Material shown
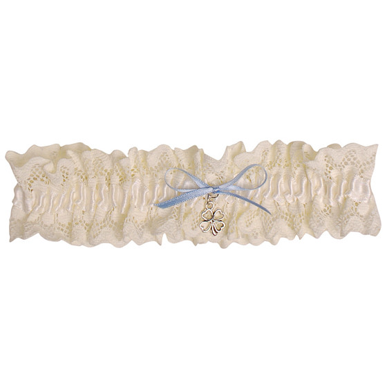 Kousenband Ivoorkleurig Broderie - blauw strikje en zilverkleurig klavertje
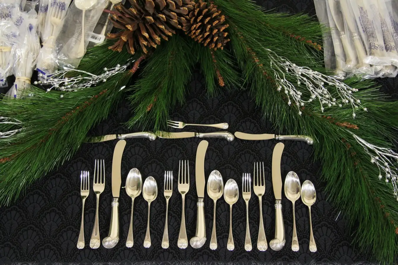 "Pistol Grip" knives have stainless steel blades. Included are twelve each of the following: 9 3/4" dinner knife, 7" butter knife, 6" teaspoon, 6 3/4" soup spoon, 7 1/2" dinner fork, 6 1/2" salad fork and 5 1/4" lemon or seafood fork. There are also a 8 1/4" serving spoon and a 7 3/4" shell ladle.
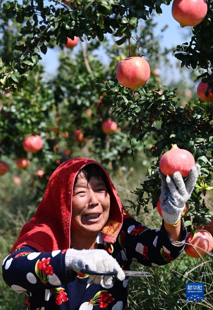 9月26日,在陜西省潼關(guān)縣港口社區(qū)東臺(tái)塬,裕興農(nóng)業(yè)開(kāi)發(fā)有限公司的員工在采摘軟籽石榴。
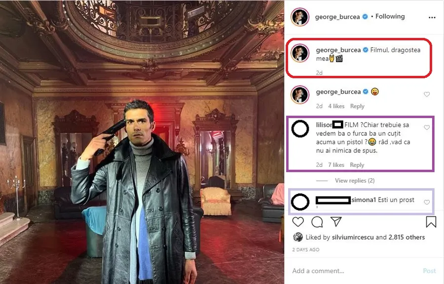 Actorul George Burcea a publicat pe contul său de Instagram o nouă poză realizată pe platourile de filmare a unei pelicule din care face parte. În imaginea care a stârnit multă revoltă, el apare în timp ce își ține un pistol la tâmpla dreaptă, iar felul în care a ales să fie imortalizat și mesajul pe care l-a pus la descriere sunt parcă din două “filme” separate.
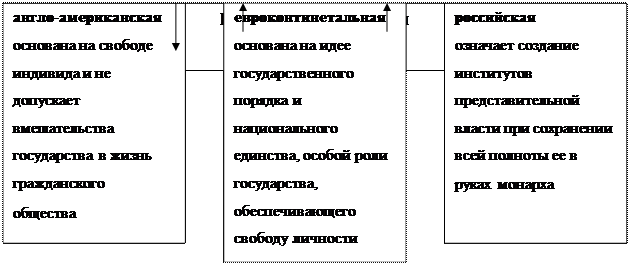 . Традиции сильного государства, которые отсутствовали в США и островной Великобритании, сформировали особый режим отношений государства и гражданского общества, который нашел свое отражение в концепции правового государства. Наиболее активно она разрабатывалась в Германии. Акцент в ней был сделан на идее об особой роли государства в жизни общества. Свобода индивида ставилась в зависимость от мощи государства, поскольку, лишь будучи сильным, государство способно гарантировать защиту прав человека, его индивидуальную свободу, порядок в обществе. В этом случае идея государственного порядка, национального единства ставилась выше ценности свободы личности.
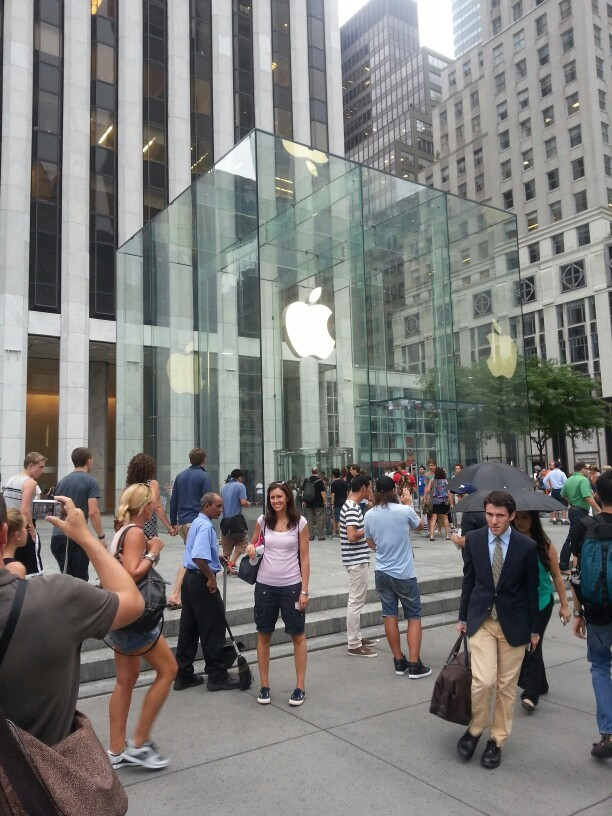 센트럴 파크 남쪽으로 나오니 바로 애플 건물이 보였다. 마침 비도 오고 와이파이를 할 겸 지하로 내려갔다. 사람들로 붐볐다. 역시 외국은 애플이다. 갤럭시 쓰는 사람은 하나도 없는 듯. 아까 모마 기념품샵에서도 핸드폰 케이스가 죄다 아이폰이었지 갤럭시 거는 하나도 없더라. 어쨌든 계단 옆에 걸터앉아 주구장천 와이파이나 하며 사람구경을 했다.
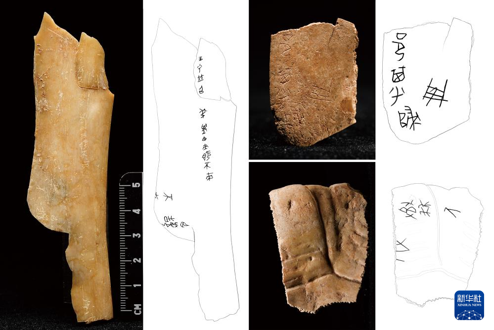 陕西宝鸡周原遗址出土的刻辞甲骨及摹本(拼版照片)。
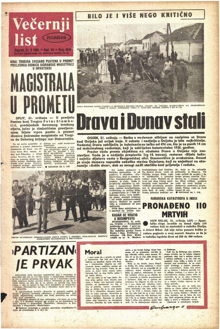 Presijecanjem bijele vrpce, 30. svibnja 1965. otvorena je posljednja, 291 kilometar duga, dionica ceste, od Trogira do Debelog Brijega, iza Dubrovnika. Tim je činom u promet puštena Jadranska magistrala, koja spaja Trst s Ulcinjem, a od ukupno 1006 km, čak 818 km prolazi kroz Hrvatsku. Prisjetili smo se kako se o tome pisalo u Večernjakovoj arhivi.

Your assignment
Transcribe all the data word for word; the images stay out.

Output for this task
 Kousenband Ivoorkleurig Broderie - blauw strikje en zilverkleurig klavertje
 "Pistol Grip" knives have stainless steel blades. Included are twelve each of the following: 9 3/4" dinner knife, 7" butter knife, 6" teaspoon, 6 3/4" soup spoon, 7 1/2" dinner fork, 6 1/2" salad fork and 5 1/4" lemon or seafood fork. There are also a 8 1/4" serving spoon and a 7 3/4" shell ladle.
 9月26日,在陜西省潼關(guān)縣港口社區(qū)東臺(tái)塬,裕興農(nóng)業(yè)開(kāi)發(fā)有限公司的員工在采摘軟籽石榴。
 Actorul George Burcea a publicat pe contul său de Instagram o nouă poză realizată pe platourile de filmare a unei pelicule din care face parte. În imaginea care a stârnit multă revoltă, el apare în timp ce își ține un pistol la tâmpla dreaptă, iar felul în care a ales să fie imortalizat și mesajul pe care l-a pus la descriere sunt parcă din două “filme” separate.
 . Традиции сильного государства, которые отсутствовали в США и островной Великобритании, сформировали особый режим отношений государства и гражданского общества, который нашел свое отражение в концепции правового государства. Наиболее активно она разрабатывалась в Германии. Акцент в ней был сделан на идее об особой роли государства в жизни общества. Свобода индивида ставилась в зависимость от мощи государства, поскольку, лишь будучи сильным, государство способно гарантировать защиту прав человека, его индивидуальную свободу, порядок в обществе. В этом случае идея государственного порядка, национального единства ставилась выше ценности свободы личности.
 센트럴 파크 남쪽으로 나오니 바로 애플 건물이 보였다. 마침 비도 오고 와이파이를 할 겸 지하로 내려갔다. 사람들로 붐볐다. 역시 외국은 애플이다. 갤럭시 쓰는 사람은 하나도 없는 듯. 아까 모마 기념품샵에서도 핸드폰 케이스가 죄다 아이폰이었지 갤럭시 거는 하나도 없더라. 어쨌든 계단 옆에 걸터앉아 주구장천 와이파이나 하며 사람구경을 했다.
 陕西宝鸡周原遗址出土的刻辞甲骨及摹本(拼版照片)。
 Presijecanjem bijele vrpce, 30. svibnja 1965. otvorena je posljednja, 291 kilometar duga, dionica ceste, od Trogira do Debelog Brijega, iza Dubrovnika. Tim je činom u promet puštena Jadranska magistrala, koja spaja Trst s Ulcinjem, a od ukupno 1006 km, čak 818 km prolazi kroz Hrvatsku. Prisjetili smo se kako se o tome pisalo u Večernjakovoj arhivi.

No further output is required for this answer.